Policeman sets female colleague’s car on fire at Kakamega Police Lines

A police officer's car that set on fire by a colleague inside Kakamega Police Lines.

Photo credit: Pool

Detectives in Kakamega are investigating an arson case involving a police officer who allegedly torched his female colleague’s car inside Kakamega Police Lines on Tuesday morning.

According to a police report, Constable Evans Kamau set ablaze the car, a Toyota Allion, using a matchstick and a mattress following a misunderstanding with the policewoman, said to be his neighbour at the station.

Constable Gladys Kimanzi, an officer attached to Kabras Traffic Base, reported that she had a misunderstanding with Mr Kamau at 9pm on Monday and he had walked out in huff with some of his belongings.

Hours later, the neighbourhood was woken up by flames of her car burning in the compound.

“Today August 1, 2023, at about 0230hrs, the said police Constable Evans Kamau deliberately set ablaze the complainant's motor vehicle…using a mattress and a matchstick,” the police report seen by the Nation reads in part.

Police officers within the station managed to put out the fire but the bonnet and the front part of the vehicle was extensively damaged by the fire.

The scene was processed and documented by scene of crime officers and two matchboxes were found in Mr Kamau’s possession and kept as exhibits.

The officer, who appeared drunk, was arrested and is set to face arson charges.

The cause of the misunderstanding is yet to be revealed.

Similar past cases of police officers attacking their female colleagues revolved around love triangles even as research also linked such attacks and murders within the service to work-related trauma.

In January 2021, Constable Lawrence Ewoi from Kamukunji police station was shot dead near Burma market after killing his female colleague following a quarrel over undisclosed reasons.

The deceased had shot and killed Constable Maureen Achieng inside a police car as she and her colleagues prepared to go for night patrols at around 9.30pm.

The two had quarrelled over undisclosed reasons outside the police station before Constable Ewoi, who was armed with his G3 rifle, stepped back and opened fire at his colleague at close range as she sat in the vehicle. He then fled the scene.

Constable Achieng succumbed instantly from four bullet hits that also hit another officer in the left arm.

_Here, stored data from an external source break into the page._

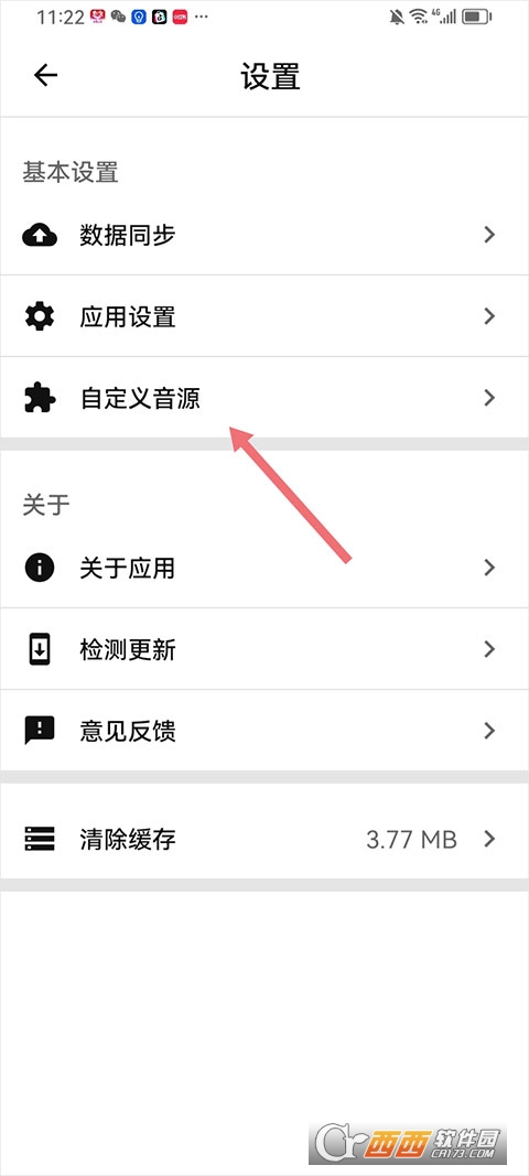 3、在设置界面中点击【自定义音源】
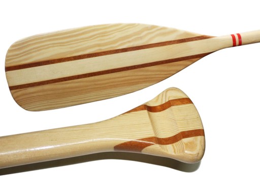 Весло з сосни та червоного дерева. Завдяки склеєній та лакованій структурі не коробиться при контакті з водою.
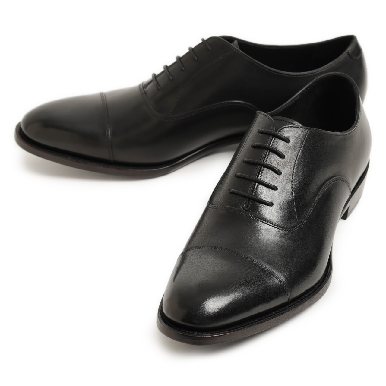 ポルペッタ / カーフレザー ストレートチップ キャップトゥ レースアップ シューズ レザーソール / GB-CapPlainToe / ブラック

In April of the same year, 33-year-old Hudson Wasike, who worked as a General Service Unit officer seconded to former Interior Cabinet Secretary Fred Matiang’i’s security detail, shot his wife Pauline Wakasa, then a traffic officer, before killing himself. The incident following a suspected domestic quarrel.

The widely published incident and confessions by female police officers triggered a move by the Ministry of Interior to attempt to bar officers from having romantic affairs with each other as part of police reforms aimed at addressing rising cases of sexual harassment and gender-based violence within the police service.